Ich liebe es, wenn mich ein Film so richtig kalt erwischt – und das war bei „Cherry“ absolut der Fall. Am Anfang hatte ich aufgrund der überlangen Laufzeit (knapp 2,5 Stunden) zum Schauen leichte Motivationsprobleme, doch nach wenigen Minuten waren diese Sorgen vollkommen vergessen. Das Werk teilt sich selbst in übersichtliche Kapitel ein und entwickelt einen unglaublichen Sog mit Höhen und Tiefen – was ich in diesem Fall allerdings als extrem positiv empfand und nicht als negative Kritik verstanden haben möchte.

Der Titel weißt ganz klar autobiografische Züge auf. So krass einige Abschnitte für sich erscheinen, so konsequent und glaubhaft fügen sie sich letztlich doch in das Gesamtbild ein. Was wie eine harmlose, unschuldige Teenie-Romanze begann, entwickelt sich zum waschechten Kriegsfilm und letztlich zu einem Drama mit jederzeit verständlich konstruierten Hintergründen.

Eine Zeitlang hat mich das Präsentierte ein wenig an den Klassiker „Dead Presidents“ erinnert, doch ab einem gewissen Punkt schlug man eine andere und wesentlich glaubwürdigere Gangart ein. Man ging mit vielen Themen wesentlich kritischer als bei manchen Konkurrenten um und bot uns Figuren, mit denen man sich perfekt identifizieren konnte. Natürlich wirkten die Darsteller zuweilen etwas arg jung, aber irgendwie übt gerade die unschuldige Ausstrahlung einen zusätzlichen Reiz aus. Man nimmt das Geschehen durchaus anders wahr, als wären hier harte Kerle am Start. Besonders die Zeit in der Army wirkte da viel hoffnungsloser und schwieriger.
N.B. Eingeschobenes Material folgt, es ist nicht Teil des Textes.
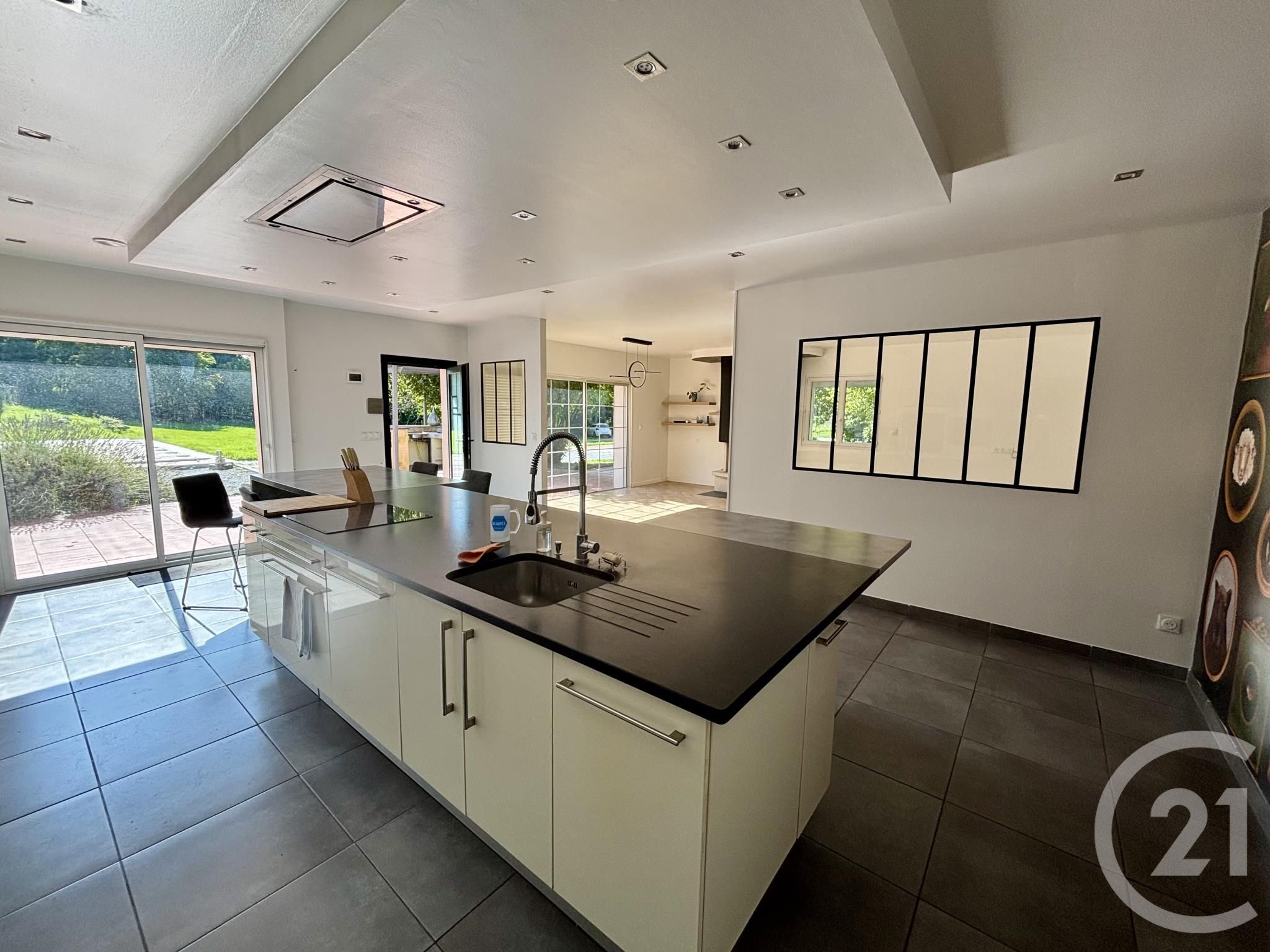 La maison principale séduit par ses volumes généreux et sa luminosité naturelle. Dès l'entrée, vous serez charmé par la vaste pièce de vie ouverte, composée d'un salon-séjour baigné de lumière, et d'une cuisine américaine entièrement équipée, idéale pour les moments de convivialité en famille ou entre amis.

Durch seine tolle Erzählweise wurden die einzelnen Abschnitten klar getrennt und gleichzeitig elegant ineinander übergeleitet. Es gab Einblendungen über den jeweiligen Akt und eine passende Bezeichnung hierzu. Dazu gesellte sich die Stimme des Hauptakteures als Sprecher aus dem Off, der nicht selten mit vortrefflichen Bezeichnungen aufwarten konnte. Er behielt stets seine jugendhafte Weise bei und drückte die jeweilige Situation mit seiner zuweilen eher rohen Sprechweise aus, was nicht nur dem allgemeinen Charme, sondern eben bereits gelobter Authentizität nur zu Gute kam.

Es gab Momente, wo die Akteure aus unterschiedlichen Blickwinkeln (z.B. aus dem Spiegel) auf sich hinab blickten oder Szenen, die in einem kleinen Bildformat abliefen. Dies unterstreicht die Gefühlslage auf ganz eigene und ziemlich gelungene Weise, was in meinen Augen von echtem Kunsthandwerk spricht. Man hat sich bei der gesamten Konzeptionierung sichtlich Mühe gegeben und mit vergleichsweise einfachen Mitteln einen einmaligen Look abgeliefert.

Tom Holland drängt sich immer mehr in die Riege der großen Darsteller. Er legt hier eine Performance an den Tag, die man ihm selbst nach seinen stabilen Auftritten in „Spider-Man“ bzw. „Avengers“ kaum zugetraut hätte. Ja, er wirkt unglaublich jung, doch nach kurzer Eingewöhnung passt das schon recht gut. Gleiches kann man von Filmpartnerin Ciara Bravo ebenfalls behaupten – die Wandlung vom schüchternen Mädchen zum Junkie wurde überragend gespielt.

In diesem noch recht jungen Jahr ist „Cherry“ einer meiner ersten Geheimtipps geworden. Mich hat das Gezeigte dermaßen gepackt, fasziniert und unterhalten, dass ich ihn gerne in bleibender Erinnerung behalten und wärmstens weiterempfehlen werde. Sicherlich wurden nicht alle Aspekte von Grund auf neu erfunden, doch die fantastische Kombination miteinander sorgte für echte Begeisterung und einer Frische, die ich bei vielen anderen Werken in letzter Zeit sehr vermisst habe.